Prince Roman (Revaz) Ivanovich Bagration (,  Roman (Revaz) Bagrat'ioni) (1778 – 1834) was a Georgian nobleman and a general in the Imperial Russian Army. A scion of the Georgian royal family Bagrationi, he was a brother of Pyotr Bagration, a notable Russian commander during the Napoleonic Wars.

Son of Prince Ivan Aleksandrovich Bagration.

Career 
Born in Kizlyar, Dagestan, Roman Bagration enrolled in the Chuguevsk Cossack regiment as an uryadnik (a Cossack NCO) at the age of 13 (1791). He saw his first action during the Persian Expedition of 1796 under Count Zubov and took part in the capture of Derbent. In 1802, he was commissioned in the Leib Guard Hussar regiment as a poruchik and fought against Napoleonic France during the 1805 War of the Third Coalition. At the request of his brother, Prince Bagration, he arrived, in 1806, in Georgia, to meet with a delegation of local nobility, which submitted him a petition expressing dissatisfaction with the Russian administration. Bagration was promptly recalled from Georgia, and sent to the army operating against the French in Prussia (1807).

From 1809 to 1810, he volunteered in the Danube Army and took part in the war against the Ottoman Empire, being promoted to colonel in 1810. During Napoleon's invasion of Russia (1812), he served in the 3rd Western Army and fought in the battles of Kobryn, Brest, and Gorodechno. For his valor in the Battle of Bautzen (1813), he received the rank of major general. He was then present at the sieges of Dresden, Hamburg, and Harburg (1813-1814).

In the 1820s, he served in the Caucasus and took part in the wars against Turkey and Persia.
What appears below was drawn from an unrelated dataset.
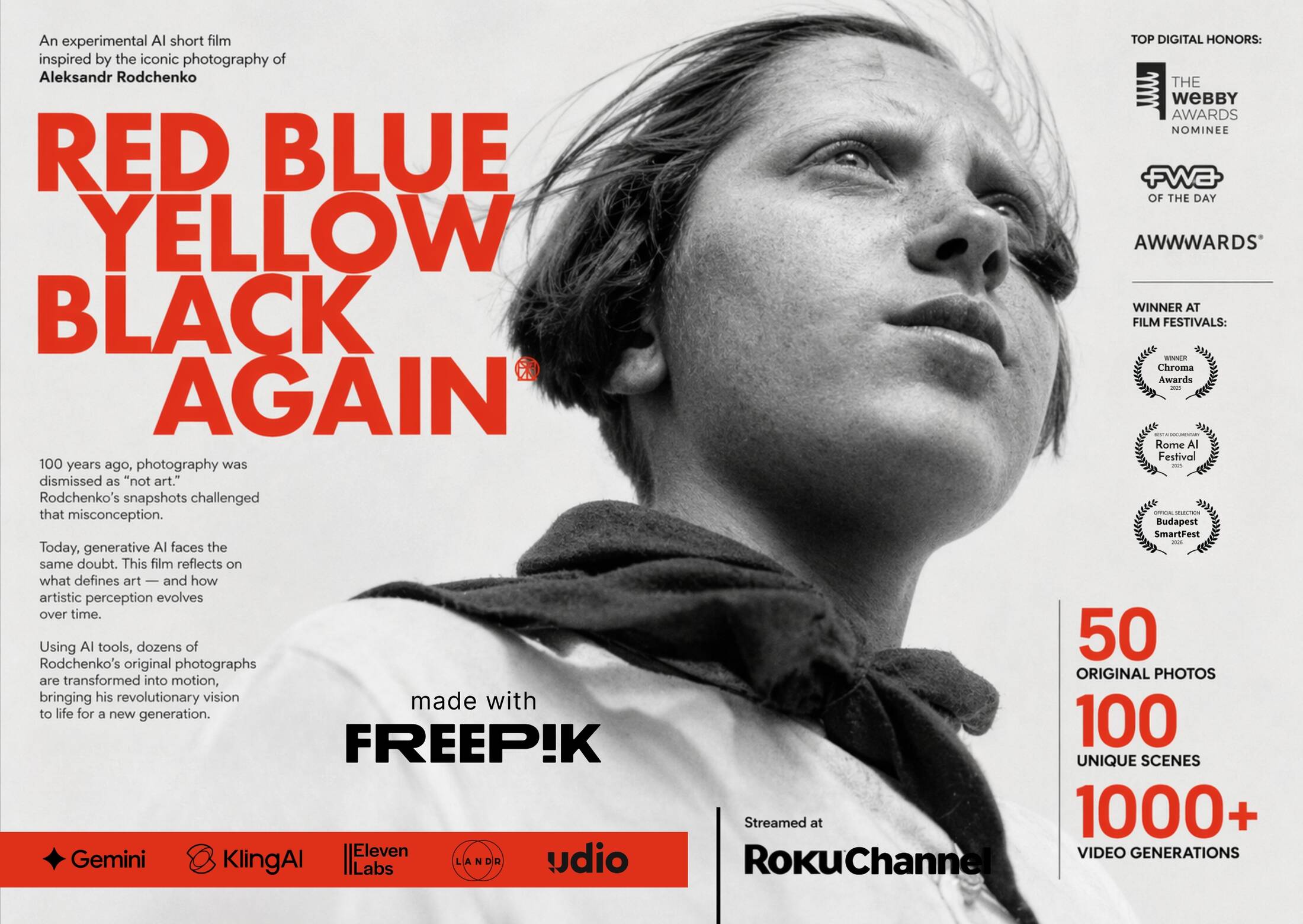 Red Blue Yellow Black Again is an experimental project created in partnership with Magnific (formerly Freepik) - a leading AI creative tools platform. The project reimagines the work of photography pioneer Aleksandr Rodchenko through AI to showcase the creative powers of modern generative tools. 100 years ago, photography was largely deemed as non-art, and Rodchenko’s radical snapshots challenged this misperception. This AI project reflects on what defines art and how artistic perception evolves over time. The script draws from Rodchenko's original letters and memoirs from over 100 years ago, delivering a hidden message from the last century to brazen and dreaming creators of today. The film resonated both online and offline: it was screened at international film festivals in cinemas on the big screen, became among the first AI films ever streamed on the global platform Roku, and has been recognised at major digital and innovation festivals such as The Webby Awards, FWA, and The Awwwards.

He played a prominent role in the storming of Erivan, a Persian-held city of Armenia, in 1827 during the Russo-Persian War (1826-1828), and was elevated to the rank of lieutenant general in 1829. After the war, he settled in Tiflis where his mansion was frequented by the local elites and housed, in 1831, the first public performance of Woe from Wit, a play by Alexander Griboyedov, in which Bagration played the role of Colonel Skalozub.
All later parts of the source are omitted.